---------- Supplied data

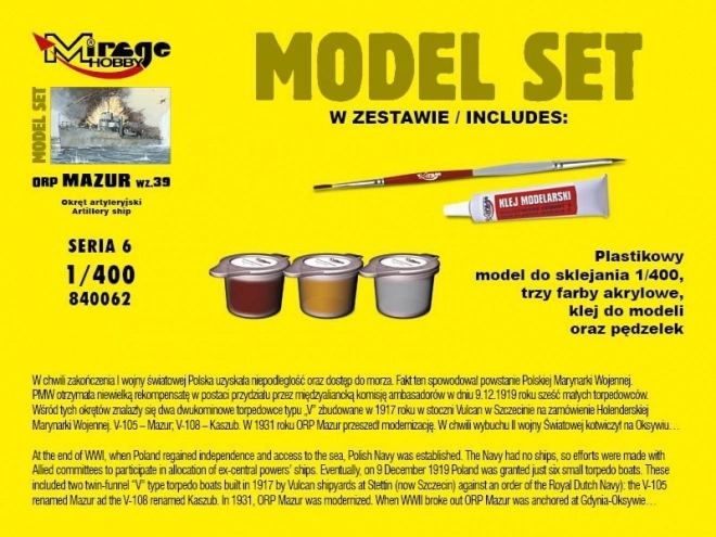 Postavte si ikonický poľský delový čln ORP Mazur (1939) v mierke 1:400. Kompletná stavebnica pre začiatočníkov aj pokročilých modelárov obsahuje plastový model, tri akrylové farby, lepidlo a štetec – ideálny štart do sveta lodného modelárstva.
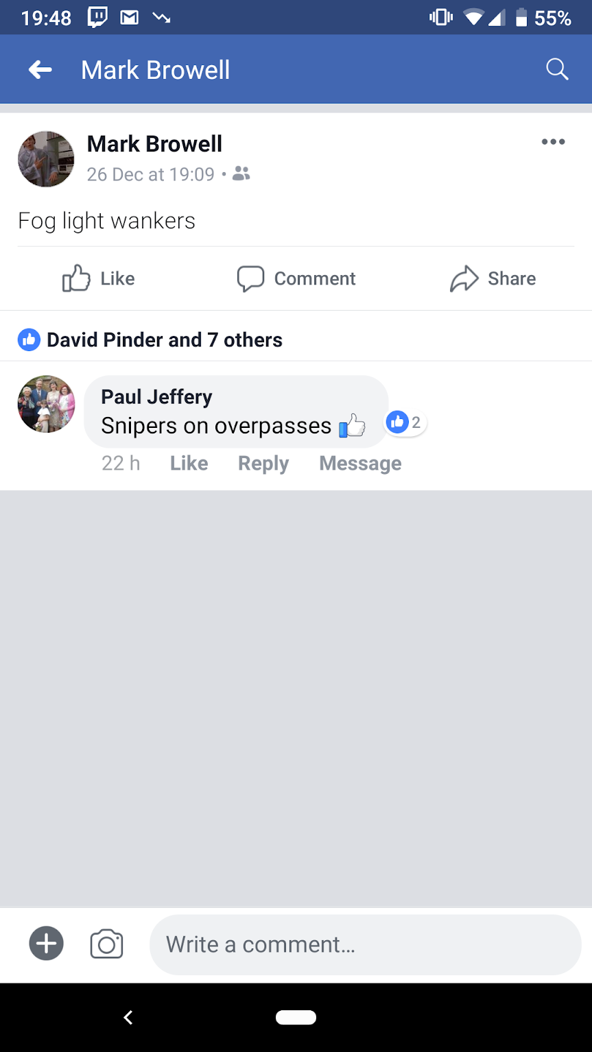 Bash to the groin region to the fuckers who think it is helpful to drive with their rear fog lights on, despite the only fog being the emissions from their exhaust - clear weather and I must have seen about a dozen foglight fuckers.
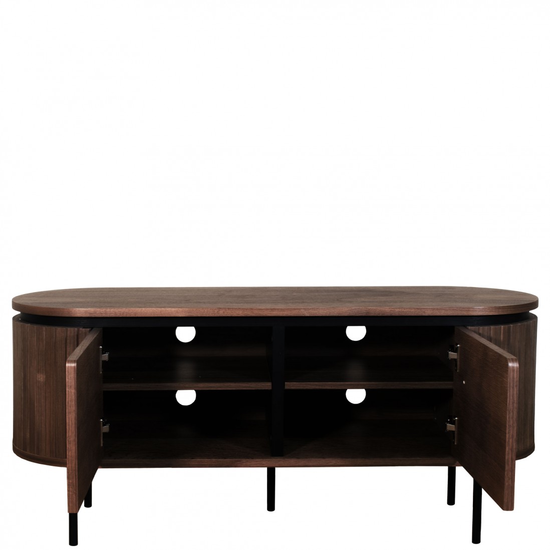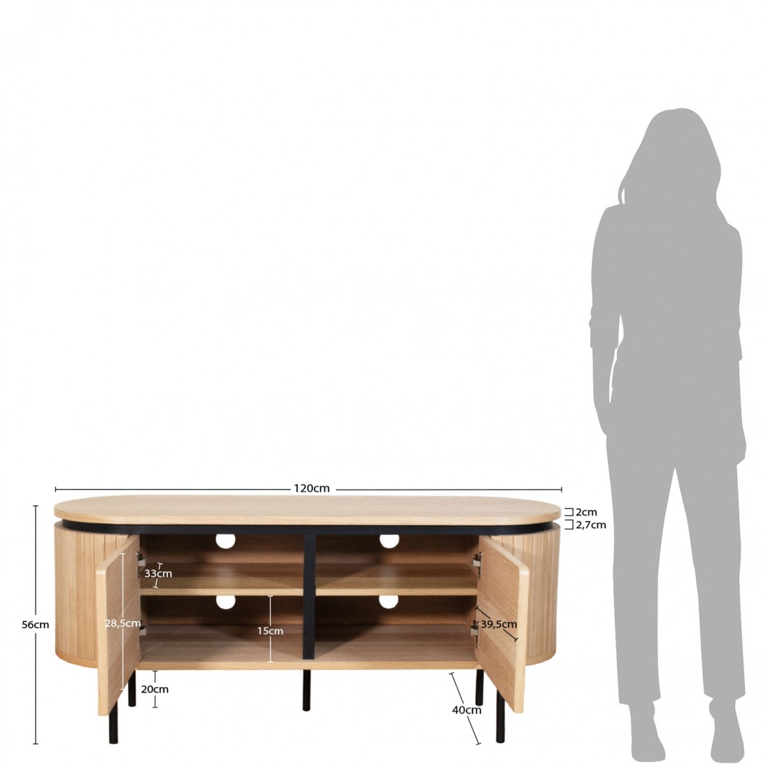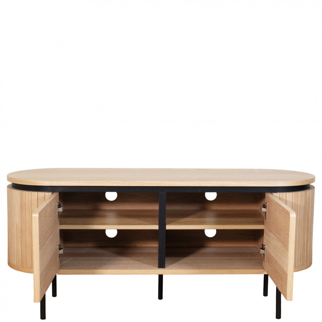 As pernas em metal preto, finas e discretas, elevam ligeiramente o móvel, conferindo-lhe uma aparência leve e moderna. No interior, o móvel é equipado com prateleiras ajustáveis em altura, proporcionando flexibilidade para armazenar diversos equipamentos multimédia e objetos decorativos. Os acabamentos laterais em madeira apresentam linhas verticais texturizadas, criando um efeito visual dinâmico que contrasta com a superfície lisa das portas.
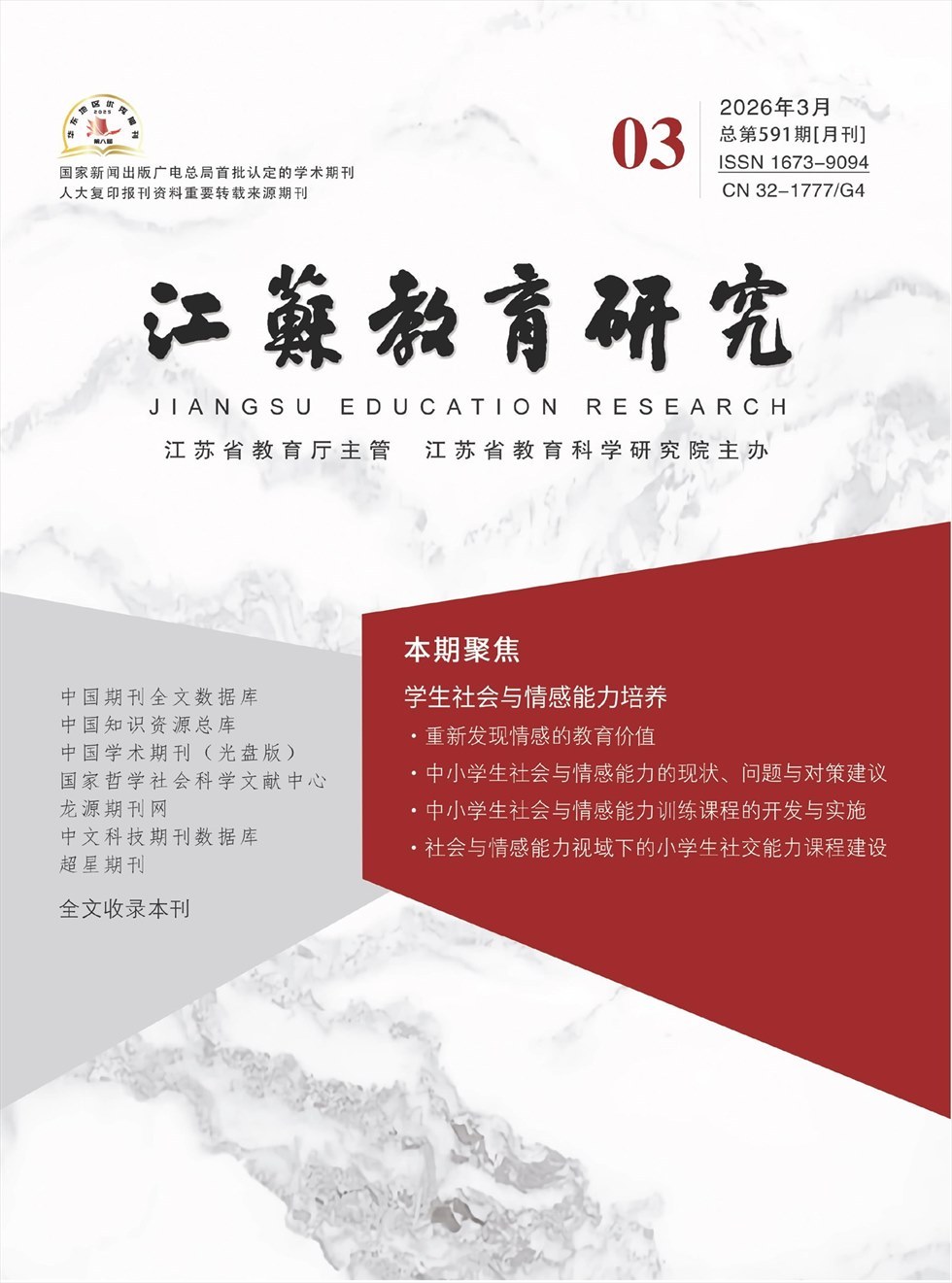《江苏教育研究》杂志社成立于2007年,是江苏省教育科学研究院的下辖部门,主要承担编辑、出版、宣传、科研等职能。
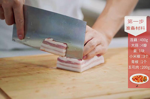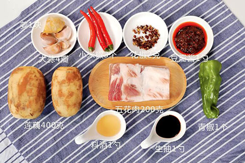 莲藕400克,五花肉200克,青椒1个,小米椒3个;
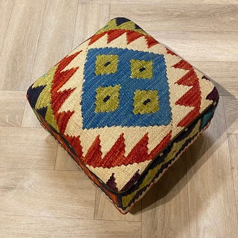 Denne autentiske puf / stol / sofa er lavet af 100% håndvævede Kelim, og benene er af træ. Meget ideel til din stue, soveværelse eller køkken. (Kelim er håndvævede tæpper lavet af uld og bomuld).
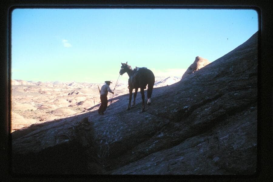 Dan Lehi and horse up trail east of Dead Center Camp on return from mouth of Nasja Creek
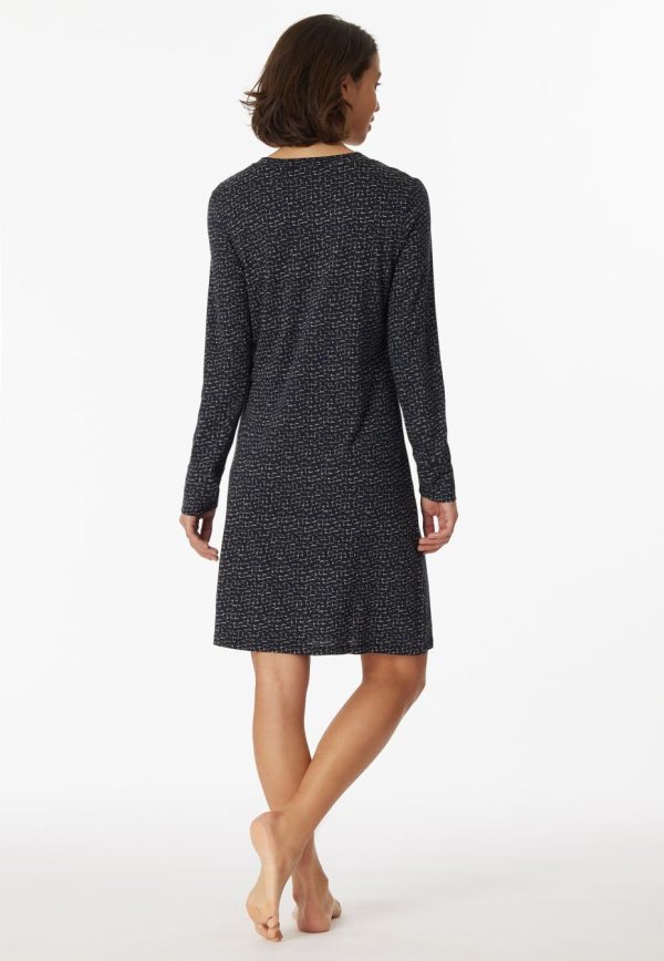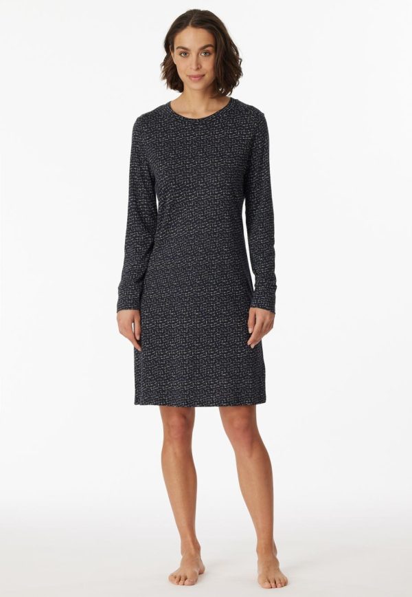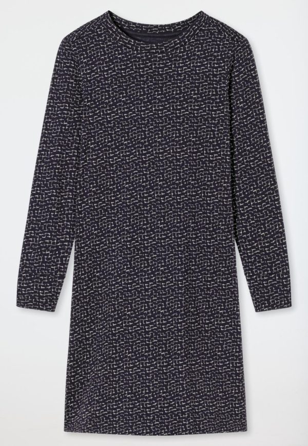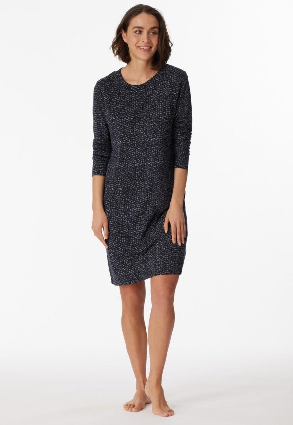 - nachtblaues Langarm-Sleepshirt für Damen mit Grafikprint
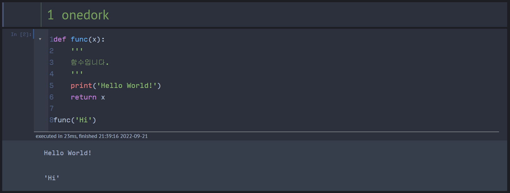 아래 그림은 배경 테마를 onedork 만 설정한 경우와 위 코드로 설정한 경우의 차이를 나타낸 것이다.
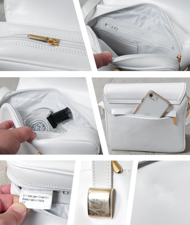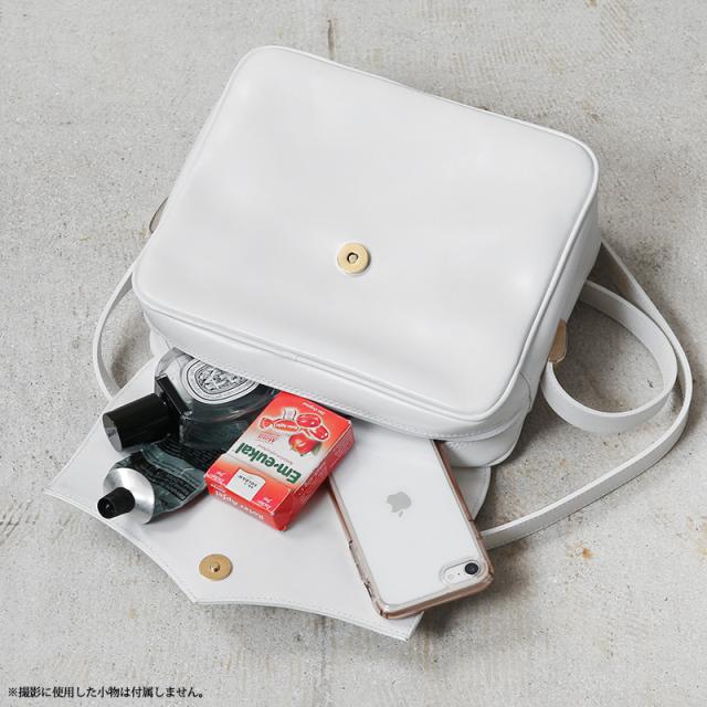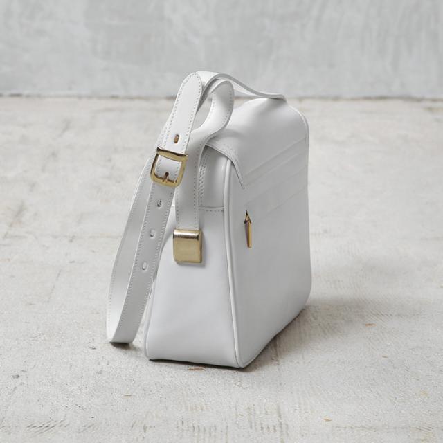 2000年代初頭、イタリア海軍の学生向けに支給されていたホワイトのショルダーバッグが登場しました。礼装でのセレモニー時などの使用はもちろん、日常使いにも重宝するバッグとなっています。マグネット式フラップとジッパーで開閉。クラシカルなBOXシルエットに、裏側にフラップ付きジップポケット、内側にもジップポケット、IDカードなどを入れられる小ポケットがありコンパクトながら機能的な造りになっています。マリナーズらしい、爽やかなホワイトのレザーに、ゴールドの金属パーツがよく映え、高級感あり。ショルダーストラップは、肩掛け、斜め掛けなど好みに合わせて長さ調節可能になっています。
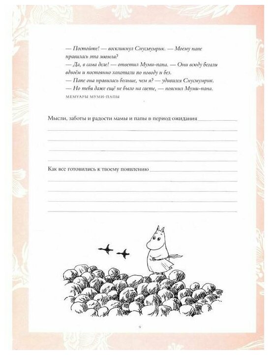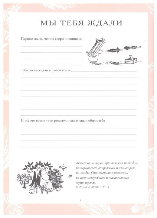 Книга очень красиво и стильно оформлена в нежные тона, от неё так и веет теплом и уютом. Отлично пойдёт на подарок новорождённому не ленивым родителям, потому что альбом предлагается активно заполнять. Зато мы получим полную хронику первых лет жизни вплоть до школы. На самом деле для ребёнка это будет очень интересным в будущем, не говоря уже о том, что будет видно, с какой любовью заполнялся альбом, так ещё очень много всего ребёнок сможет о себе узнать... Кроме того на каждой странице любимые и знакомые всём жители Муми-дола
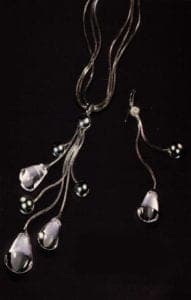 In colored stones, white, dark brown, and black were popular for the fall, with the occasional earthy shades of green and yellow to liven the pieces up. Pinks were seen in very light pastels, such as morganite, rose quartz, or pink tourmaline. At the other end of the scale, multicolored mixes were still a hit with buyers who wanted to stand out from the crowd.
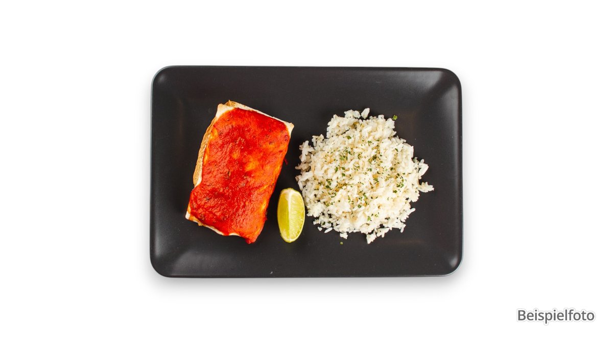 mittelscharf auf Lavastein gegrillte Putenmedaillons mit delikater Red Pepper Jam, dazu Reis
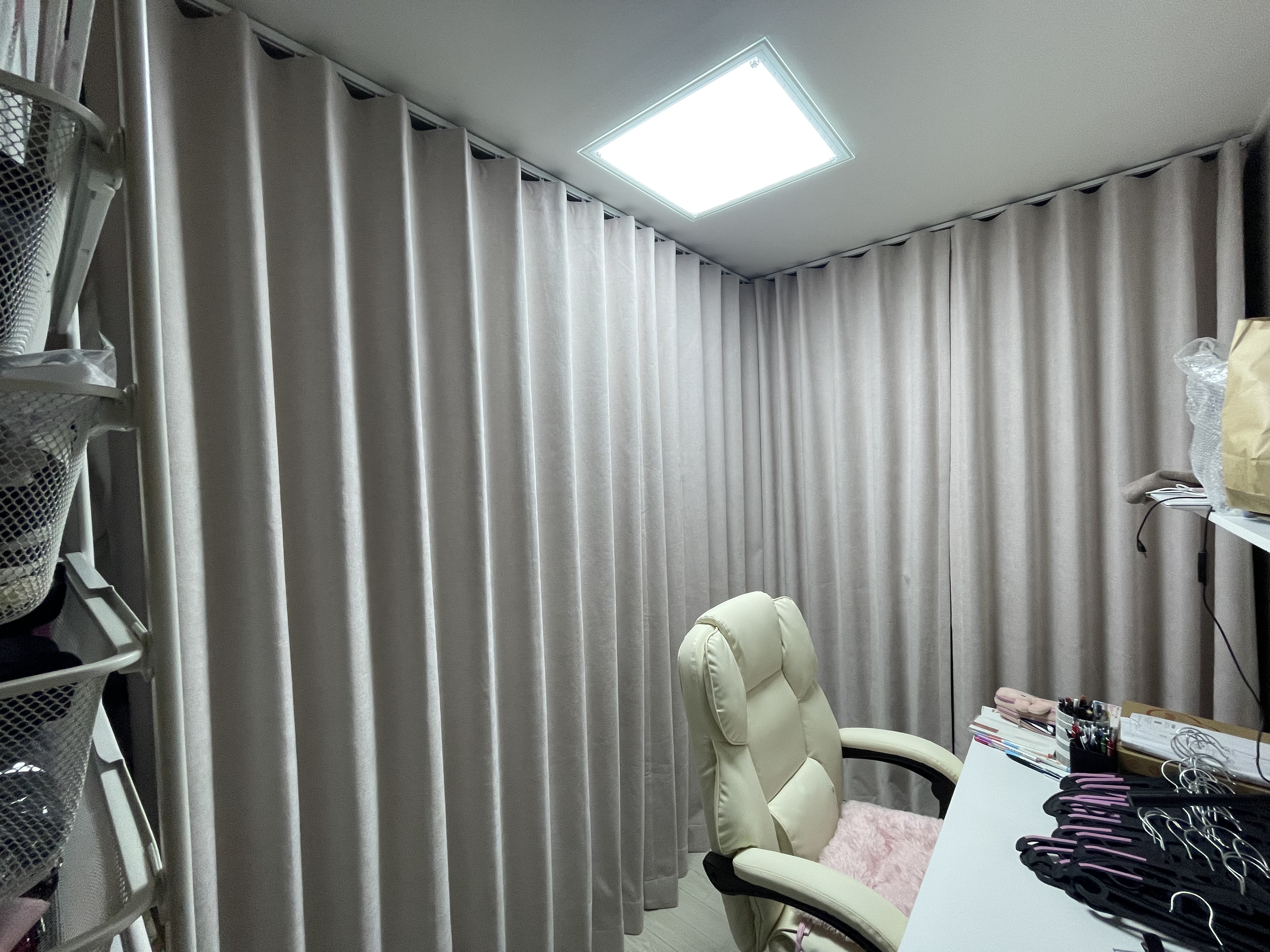 스튜디오 천장에는 조명 레일, 흡음재, 각종 배선이 복잡하게 얽혀 있어 커튼 설치가 일반 가정집보다 훨씬 까다롭습니다. 이번 시공은 프리미엄 커튼·블라인드 업계에서 10년 이상 경험을 쌓은 전문가가 직접 방문하여 진행했습니다.

--------------------

Within the entries above, the lines from the one containing "As pernas em" through the one containing "2000年代初頭、イタリア海" are to be transcribed exactly, ends included, pictures excluded.

Answer box |
 As pernas em metal preto, finas e discretas, elevam ligeiramente o móvel, conferindo-lhe uma aparência leve e moderna. No interior, o móvel é equipado com prateleiras ajustáveis em altura, proporcionando flexibilidade para armazenar diversos equipamentos multimédia e objetos decorativos. Os acabamentos laterais em madeira apresentam linhas verticais texturizadas, criando um efeito visual dinâmico que contrasta com a superfície lisa das portas.
《江苏教育研究》杂志社成立于2007年,是江苏省教育科学研究院的下辖部门,主要承担编辑、出版、宣传、科研等职能。
 莲藕400克,五花肉200克,青椒1个,小米椒3个;
 Denne autentiske puf / stol / sofa er lavet af 100% håndvævede Kelim, og benene er af træ. Meget ideel til din stue, soveværelse eller køkken. (Kelim er håndvævede tæpper lavet af uld og bomuld).
 Dan Lehi and horse up trail east of Dead Center Camp on return from mouth of Nasja Creek
 - nachtblaues Langarm-Sleepshirt für Damen mit Grafikprint
 아래 그림은 배경 테마를 onedork 만 설정한 경우와 위 코드로 설정한 경우의 차이를 나타낸 것이다.
 2000年代初頭、イタリア海軍の学生向けに支給されていたホワイトのショルダーバッグが登場しました。礼装でのセレモニー時などの使用はもちろん、日常使いにも重宝するバッグとなっています。マグネット式フラップとジッパーで開閉。クラシカルなBOXシルエットに、裏側にフラップ付きジップポケット、内側にもジップポケット、IDカードなどを入れられる小ポケットがありコンパクトながら機能的な造りになっています。マリナーズらしい、爽やかなホワイトのレザーに、ゴールドの金属パーツがよく映え、高級感あり。ショルダーストラップは、肩掛け、斜め掛けなど好みに合わせて長さ調節可能になっています。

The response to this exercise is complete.